_Task requirements_.
Although the records contain pictures, only their text should be repeated, exactly as it stands.
___ Task material
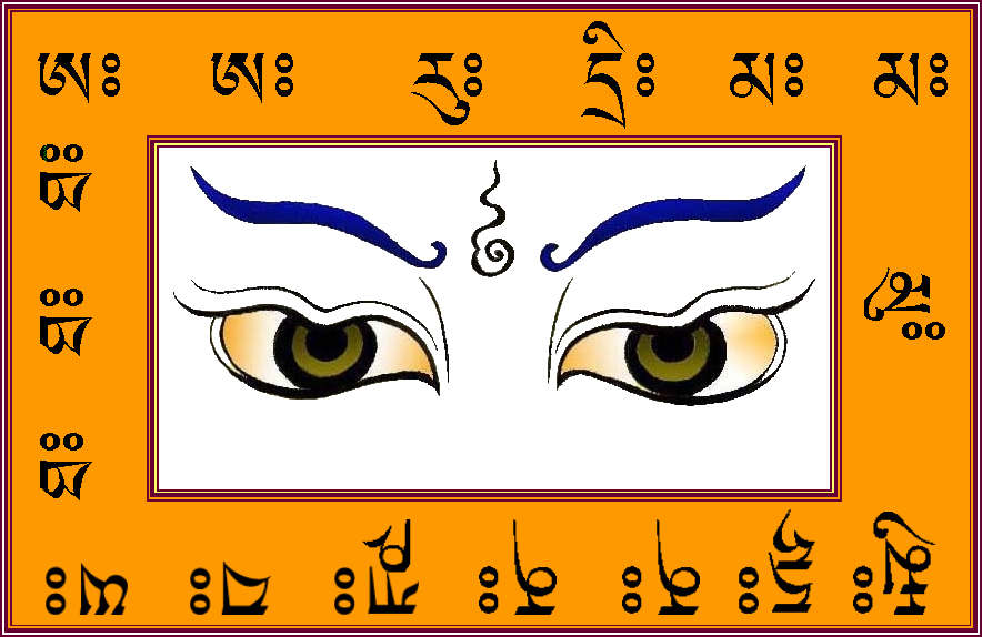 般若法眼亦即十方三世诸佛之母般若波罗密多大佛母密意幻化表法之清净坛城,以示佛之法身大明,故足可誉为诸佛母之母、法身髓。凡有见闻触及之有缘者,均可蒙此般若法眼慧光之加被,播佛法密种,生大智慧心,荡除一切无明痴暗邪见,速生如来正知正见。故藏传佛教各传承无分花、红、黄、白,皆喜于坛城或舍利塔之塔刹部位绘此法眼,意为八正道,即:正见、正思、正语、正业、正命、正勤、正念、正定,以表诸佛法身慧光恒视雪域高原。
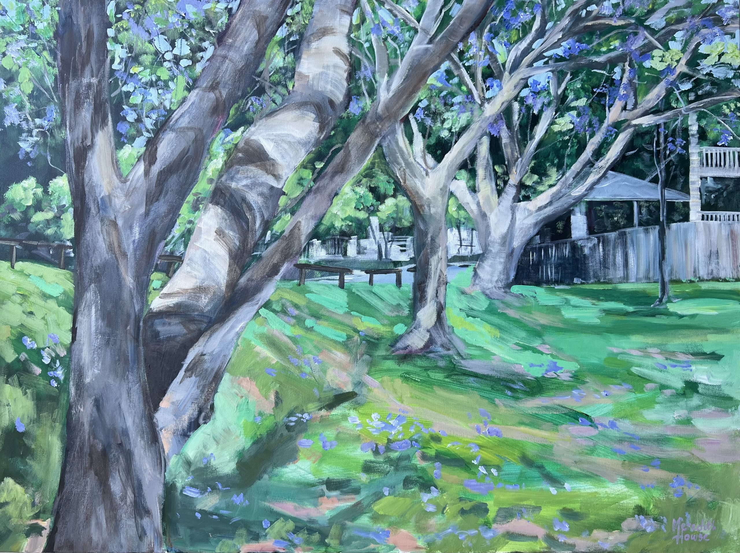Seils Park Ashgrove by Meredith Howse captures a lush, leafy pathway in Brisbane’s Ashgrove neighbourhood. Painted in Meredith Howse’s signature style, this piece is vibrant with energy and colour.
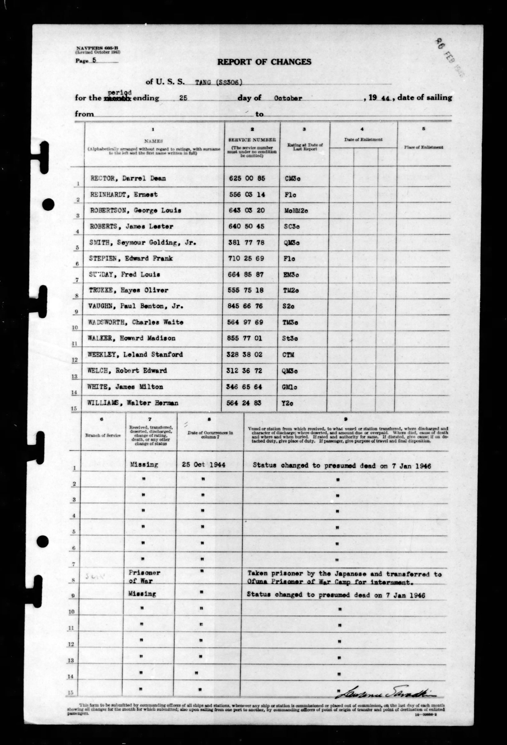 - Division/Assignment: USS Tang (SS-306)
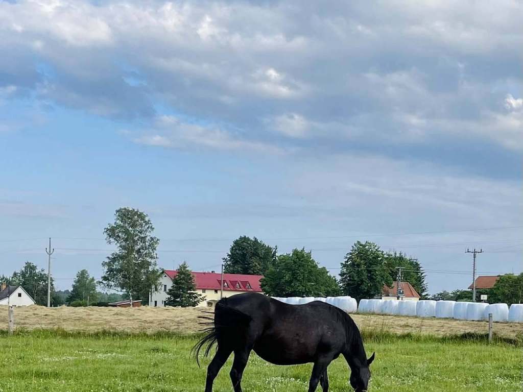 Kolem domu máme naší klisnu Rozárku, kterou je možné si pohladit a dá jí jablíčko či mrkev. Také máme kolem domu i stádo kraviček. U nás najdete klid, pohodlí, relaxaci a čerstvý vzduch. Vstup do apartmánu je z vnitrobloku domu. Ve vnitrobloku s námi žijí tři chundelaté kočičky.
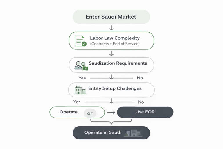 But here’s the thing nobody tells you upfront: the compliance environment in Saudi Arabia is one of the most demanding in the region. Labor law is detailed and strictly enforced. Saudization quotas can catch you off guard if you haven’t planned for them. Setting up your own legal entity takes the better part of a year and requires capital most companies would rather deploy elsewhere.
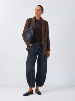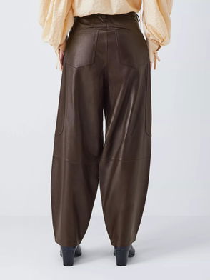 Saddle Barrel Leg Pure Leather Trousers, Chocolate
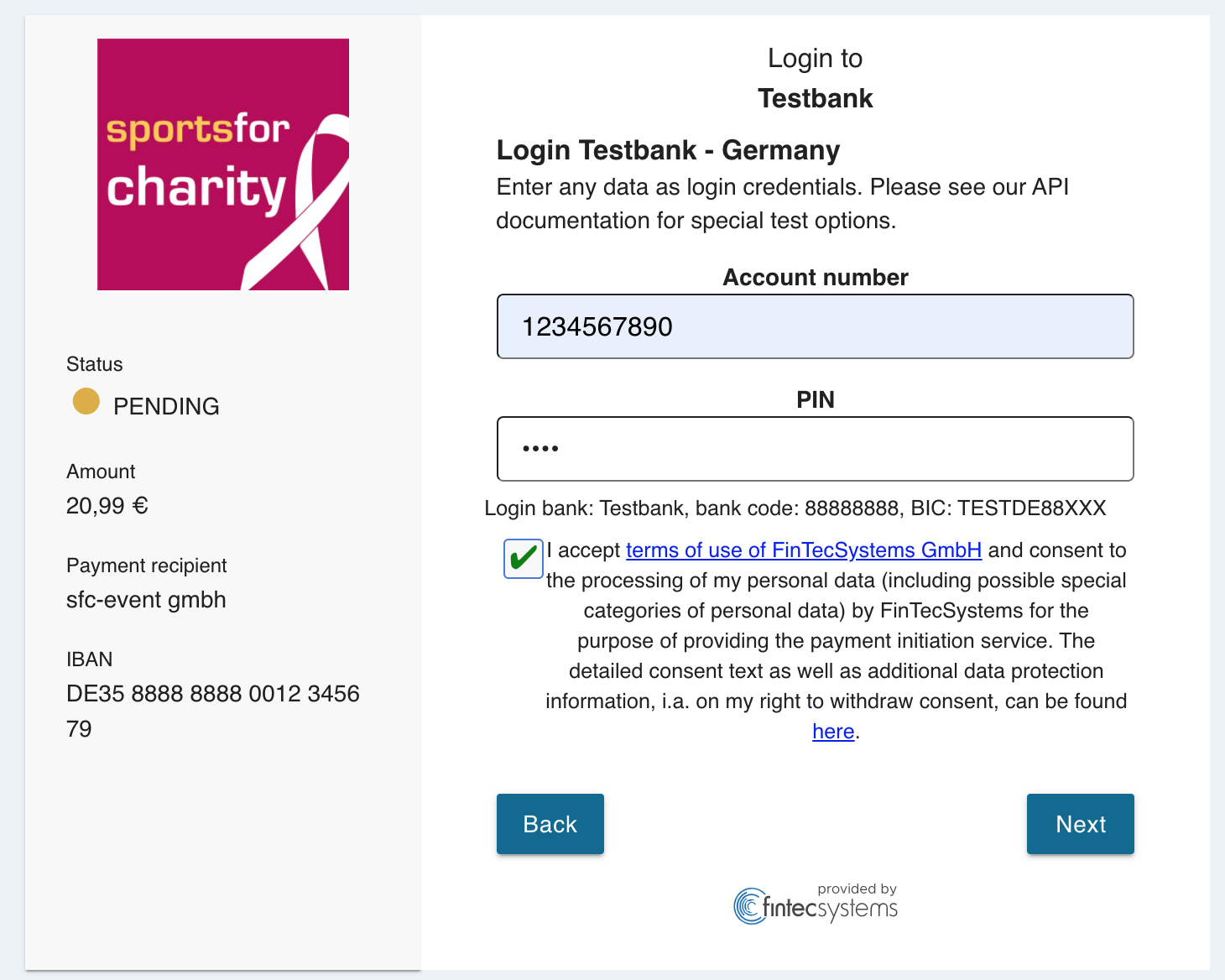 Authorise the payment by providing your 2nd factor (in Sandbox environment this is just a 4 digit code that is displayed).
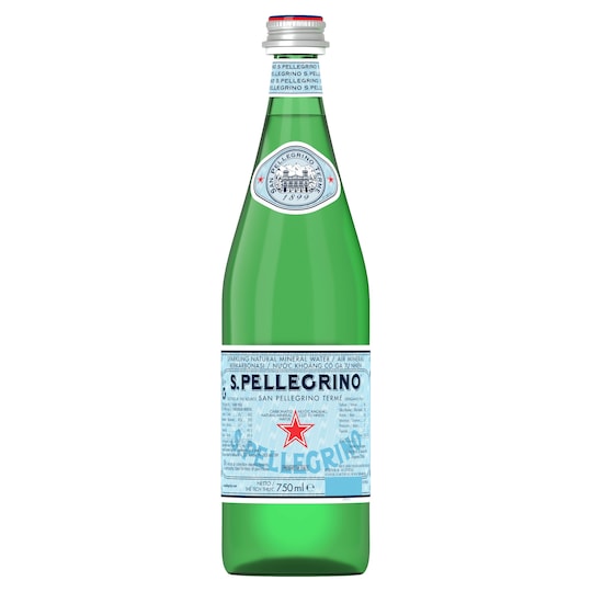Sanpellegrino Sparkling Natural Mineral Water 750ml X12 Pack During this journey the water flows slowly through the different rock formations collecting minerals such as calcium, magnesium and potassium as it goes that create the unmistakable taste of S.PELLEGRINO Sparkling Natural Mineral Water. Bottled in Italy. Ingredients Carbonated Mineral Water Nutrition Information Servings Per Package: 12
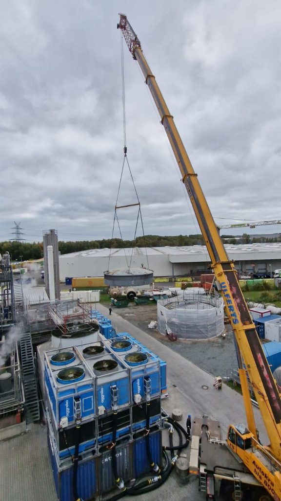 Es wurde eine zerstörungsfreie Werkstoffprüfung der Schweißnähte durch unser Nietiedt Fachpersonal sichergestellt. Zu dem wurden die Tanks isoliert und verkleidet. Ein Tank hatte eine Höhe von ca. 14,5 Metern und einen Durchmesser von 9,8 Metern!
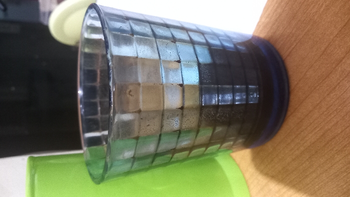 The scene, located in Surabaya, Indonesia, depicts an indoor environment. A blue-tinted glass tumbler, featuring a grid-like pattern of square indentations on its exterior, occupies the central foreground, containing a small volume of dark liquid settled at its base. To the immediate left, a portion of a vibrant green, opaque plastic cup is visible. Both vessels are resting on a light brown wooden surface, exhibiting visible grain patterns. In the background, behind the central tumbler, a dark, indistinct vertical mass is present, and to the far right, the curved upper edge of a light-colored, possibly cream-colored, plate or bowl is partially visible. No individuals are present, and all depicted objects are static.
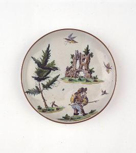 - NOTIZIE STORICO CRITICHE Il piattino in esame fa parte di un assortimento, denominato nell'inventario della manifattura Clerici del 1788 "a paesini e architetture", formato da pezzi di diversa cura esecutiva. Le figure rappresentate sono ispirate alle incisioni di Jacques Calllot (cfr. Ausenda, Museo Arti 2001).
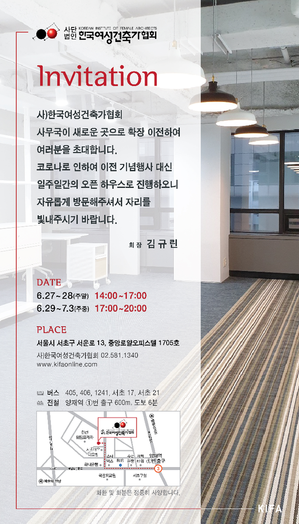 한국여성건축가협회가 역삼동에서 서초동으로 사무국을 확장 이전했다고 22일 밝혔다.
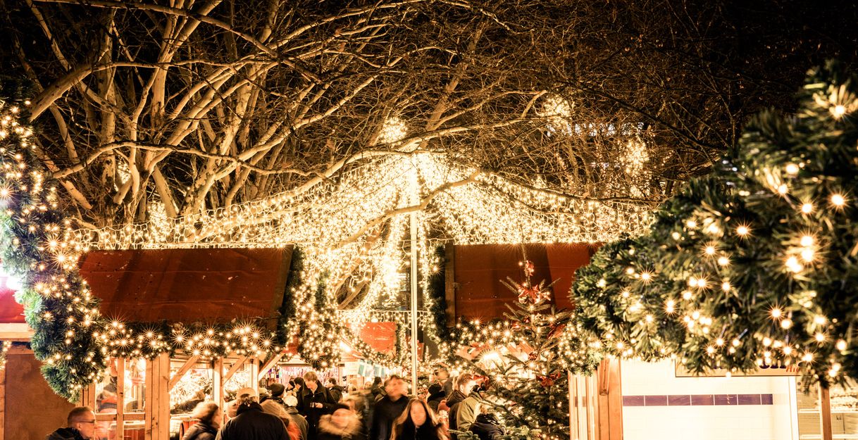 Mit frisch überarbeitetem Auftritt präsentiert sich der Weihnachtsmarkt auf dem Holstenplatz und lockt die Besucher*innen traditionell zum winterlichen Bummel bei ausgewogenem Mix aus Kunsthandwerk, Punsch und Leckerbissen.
______
_Response_.
 般若法眼亦即十方三世诸佛之母般若波罗密多大佛母密意幻化表法之清净坛城,以示佛之法身大明,故足可誉为诸佛母之母、法身髓。凡有见闻触及之有缘者,均可蒙此般若法眼慧光之加被,播佛法密种,生大智慧心,荡除一切无明痴暗邪见,速生如来正知正见。故藏传佛教各传承无分花、红、黄、白,皆喜于坛城或舍利塔之塔刹部位绘此法眼,意为八正道,即:正见、正思、正语、正业、正命、正勤、正念、正定,以表诸佛法身慧光恒视雪域高原。
Seils Park Ashgrove by Meredith Howse captures a lush, leafy pathway in Brisbane’s Ashgrove neighbourhood. Painted in Meredith Howse’s signature style, this piece is vibrant with energy and colour.
 - Division/Assignment: USS Tang (SS-306)
 Kolem domu máme naší klisnu Rozárku, kterou je možné si pohladit a dá jí jablíčko či mrkev. Také máme kolem domu i stádo kraviček. U nás najdete klid, pohodlí, relaxaci a čerstvý vzduch. Vstup do apartmánu je z vnitrobloku domu. Ve vnitrobloku s námi žijí tři chundelaté kočičky.
 But here’s the thing nobody tells you upfront: the compliance environment in Saudi Arabia is one of the most demanding in the region. Labor law is detailed and strictly enforced. Saudization quotas can catch you off guard if you haven’t planned for them. Setting up your own legal entity takes the better part of a year and requires capital most companies would rather deploy elsewhere.
 Saddle Barrel Leg Pure Leather Trousers, Chocolate
 Authorise the payment by providing your 2nd factor (in Sandbox environment this is just a 4 digit code that is displayed).
Sanpellegrino Sparkling Natural Mineral Water 750ml X12 Pack During this journey the water flows slowly through the different rock formations collecting minerals such as calcium, magnesium and potassium as it goes that create the unmistakable taste of S.PELLEGRINO Sparkling Natural Mineral Water. Bottled in Italy. Ingredients Carbonated Mineral Water Nutrition Information Servings Per Package: 12
 Es wurde eine zerstörungsfreie Werkstoffprüfung der Schweißnähte durch unser Nietiedt Fachpersonal sichergestellt. Zu dem wurden die Tanks isoliert und verkleidet. Ein Tank hatte eine Höhe von ca. 14,5 Metern und einen Durchmesser von 9,8 Metern!
 The scene, located in Surabaya, Indonesia, depicts an indoor environment. A blue-tinted glass tumbler, featuring a grid-like pattern of square indentations on its exterior, occupies the central foreground, containing a small volume of dark liquid settled at its base. To the immediate left, a portion of a vibrant green, opaque plastic cup is visible. Both vessels are resting on a light brown wooden surface, exhibiting visible grain patterns. In the background, behind the central tumbler, a dark, indistinct vertical mass is present, and to the far right, the curved upper edge of a light-colored, possibly cream-colored, plate or bowl is partially visible. No individuals are present, and all depicted objects are static.
 - NOTIZIE STORICO CRITICHE Il piattino in esame fa parte di un assortimento, denominato nell'inventario della manifattura Clerici del 1788 "a paesini e architetture", formato da pezzi di diversa cura esecutiva. Le figure rappresentate sono ispirate alle incisioni di Jacques Calllot (cfr. Ausenda, Museo Arti 2001).
 한국여성건축가협회가 역삼동에서 서초동으로 사무국을 확장 이전했다고 22일 밝혔다.
 Mit frisch überarbeitetem Auftritt präsentiert sich der Weihnachtsmarkt auf dem Holstenplatz und lockt die Besucher*innen traditionell zum winterlichen Bummel bei ausgewogenem Mix aus Kunsthandwerk, Punsch und Leckerbissen.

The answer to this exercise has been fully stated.